Data records
☆ ☆ ☆ ☆ ☆
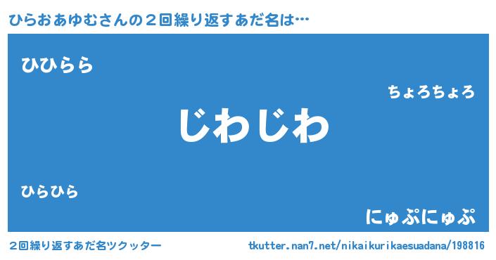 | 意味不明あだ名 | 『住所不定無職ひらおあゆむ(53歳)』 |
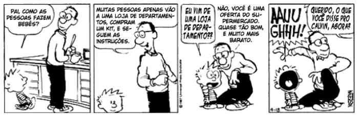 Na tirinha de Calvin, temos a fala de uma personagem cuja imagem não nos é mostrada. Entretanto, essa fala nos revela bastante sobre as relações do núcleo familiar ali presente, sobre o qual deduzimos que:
☆ ☆ ☆ ☆ ☆
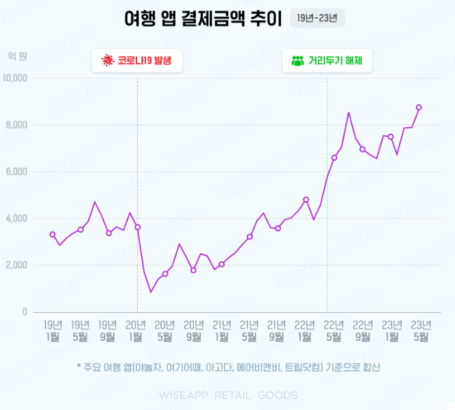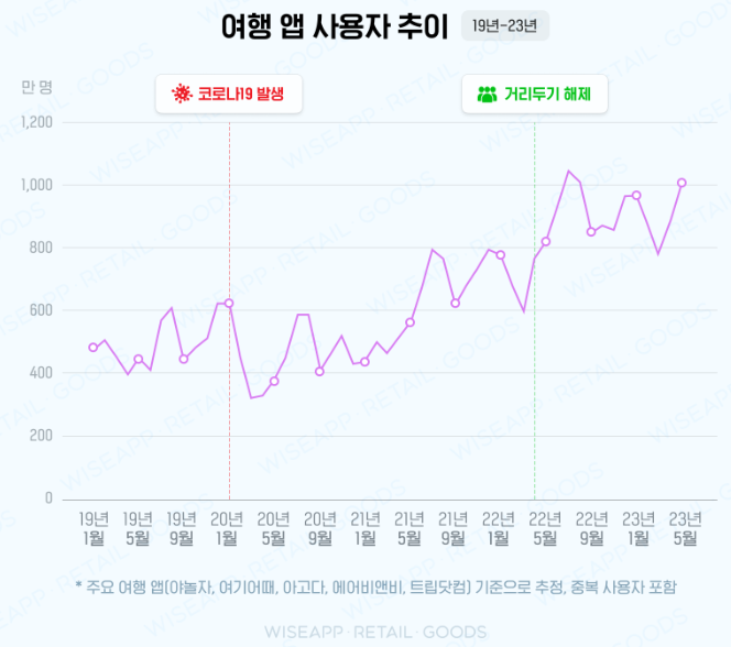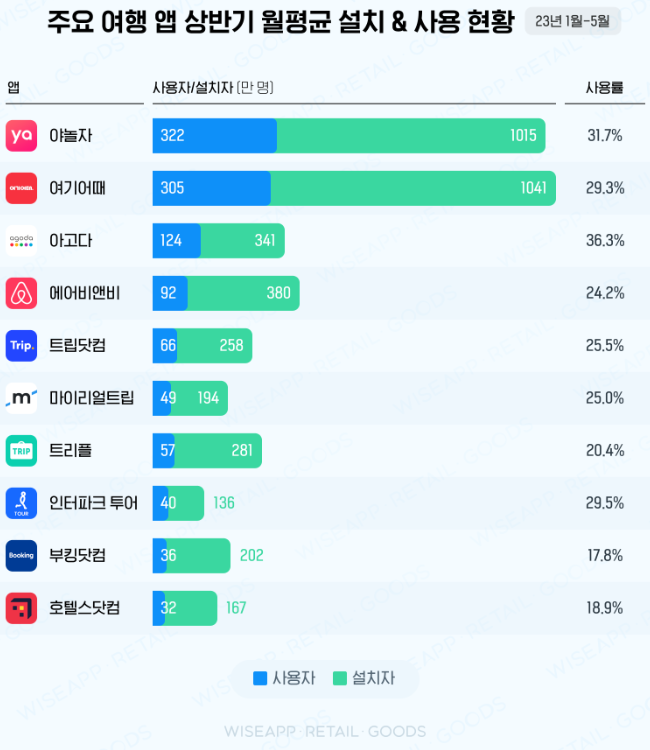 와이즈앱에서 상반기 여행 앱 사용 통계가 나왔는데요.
☆ ☆ ☆ ☆ ☆
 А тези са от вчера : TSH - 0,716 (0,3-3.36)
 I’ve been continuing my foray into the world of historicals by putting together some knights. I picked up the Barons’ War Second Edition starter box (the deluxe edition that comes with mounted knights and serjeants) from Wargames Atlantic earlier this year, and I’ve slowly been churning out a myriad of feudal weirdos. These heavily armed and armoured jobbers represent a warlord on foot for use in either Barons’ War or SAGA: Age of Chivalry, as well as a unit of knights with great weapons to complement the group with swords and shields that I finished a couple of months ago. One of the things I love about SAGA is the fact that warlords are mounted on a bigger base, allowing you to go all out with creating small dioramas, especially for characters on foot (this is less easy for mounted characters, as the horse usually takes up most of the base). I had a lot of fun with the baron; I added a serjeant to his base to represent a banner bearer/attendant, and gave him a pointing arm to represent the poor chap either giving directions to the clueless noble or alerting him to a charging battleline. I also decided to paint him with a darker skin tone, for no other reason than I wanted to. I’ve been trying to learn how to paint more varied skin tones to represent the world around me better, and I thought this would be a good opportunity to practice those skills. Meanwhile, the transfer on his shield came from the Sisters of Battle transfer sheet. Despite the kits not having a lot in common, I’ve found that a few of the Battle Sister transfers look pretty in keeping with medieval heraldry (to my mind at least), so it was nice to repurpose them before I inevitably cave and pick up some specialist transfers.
☆ ☆ ☆ ☆ ☆
Exact copy, pictures excluded: from the line with "意味不明あだ名 | 『住所不定無職ひらおあゆむ(53歳)』 |" up to and including the line with "Na tirinha de" in the data above.

Exercise result
 | 意味不明あだ名 | 『住所不定無職ひらおあゆむ(53歳)』 |
 Na tirinha de Calvin, temos a fala de uma personagem cuja imagem não nos é mostrada. Entretanto, essa fala nos revela bastante sobre as relações do núcleo familiar ali presente, sobre o qual deduzimos que:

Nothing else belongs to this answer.